I'm still not sure the advantage of using my phone to pay for things over my cards.


----------



## Mr Smin (Jan 29, 2014)

Global Stoner said:


> I'm still not sure the advantage of using my phone to pay for things over my cards.



Not necessarily an advantage, just an alternative. I've seen lots of people in London put their Oyster card inside their phone case, giving the same-ish effect.

In the AppStore, Apple take a big cut of purchases. That's not likely to carry over to the wider world.


----------



## UnderAnOpenSky (Jan 29, 2014)

I'm not adverse to using my phone to pay for stuff, but there's got to be an advantage. Otherwise what's the point in switching?


----------



## UnderAnOpenSky (Jan 29, 2014)

What I would like is an easier, more universal system, that is also secure for payments to mates and the like. I know there are ways of doing it, but something that was almost ubiquitous would be good.


----------



## RedDragon (Jan 29, 2014)

I think Amazon could own this if they wanted to ...


----------



## editor (Jan 29, 2014)

Global Stoner said:


> What I would like is an easier, more universal system, that is also secure for payments to mates and the like.
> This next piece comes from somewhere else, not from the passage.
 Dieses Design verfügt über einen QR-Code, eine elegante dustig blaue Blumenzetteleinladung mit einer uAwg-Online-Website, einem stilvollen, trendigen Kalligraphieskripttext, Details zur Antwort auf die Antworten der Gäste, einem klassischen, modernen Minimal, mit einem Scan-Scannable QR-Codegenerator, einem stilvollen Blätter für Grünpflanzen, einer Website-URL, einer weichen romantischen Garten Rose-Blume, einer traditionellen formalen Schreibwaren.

I know there are ways of doing it, but something that was almost ubiquitous would be good.


The Barclays PingIt thingy is about as easy as it gets. 

http://www.barclays.co.uk/Mobile/BarclaysPingit/P1242603570446


----------



## Kid_Eternity (Jan 29, 2014)

mwgdrwg said:


> They'd better put NFC in their phones then.
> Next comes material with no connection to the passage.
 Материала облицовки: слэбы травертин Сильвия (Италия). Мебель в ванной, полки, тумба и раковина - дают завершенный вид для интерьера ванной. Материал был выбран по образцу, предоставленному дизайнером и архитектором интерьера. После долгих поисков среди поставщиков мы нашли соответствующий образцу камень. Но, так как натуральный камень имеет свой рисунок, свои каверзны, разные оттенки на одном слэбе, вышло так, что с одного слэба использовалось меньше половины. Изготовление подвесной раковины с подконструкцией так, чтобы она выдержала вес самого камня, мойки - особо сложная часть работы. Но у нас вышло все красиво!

Looks like they're going down another route...


----------



## Sunray (Jan 30, 2014)

editor said:


> The Barclays PingIt thingy is about as easy as it gets.
> 
> http://www.barclays.co.uk/Mobile/BarclaysPingit/P1242603570446



As is the incompatible natwest system. 

It's going to take a lot for me to get my phone out over my visa card.  For security and simplicity reasons. Pay wave has just about nailed quick payment via cards. 

Inventing technological solutions for problems that nobody has noticed was a problem is a waste of time. The verge has a report on a one wheeled motorbike.  It's having to use technology to keep it stable so people can ride it. Was having two wheels such a problem?  (It was an exercise btw but highlights the point I'm making nicely)


----------



## Kid_Eternity (Jan 31, 2014)

The bank apps are shit user journeys if you aint a customer. A few have now got together behind something called Zapp (where the hell do they get these names from?!)...but it's still a long way from the ease of chip and pin which is the benchmark for easy payment.


----------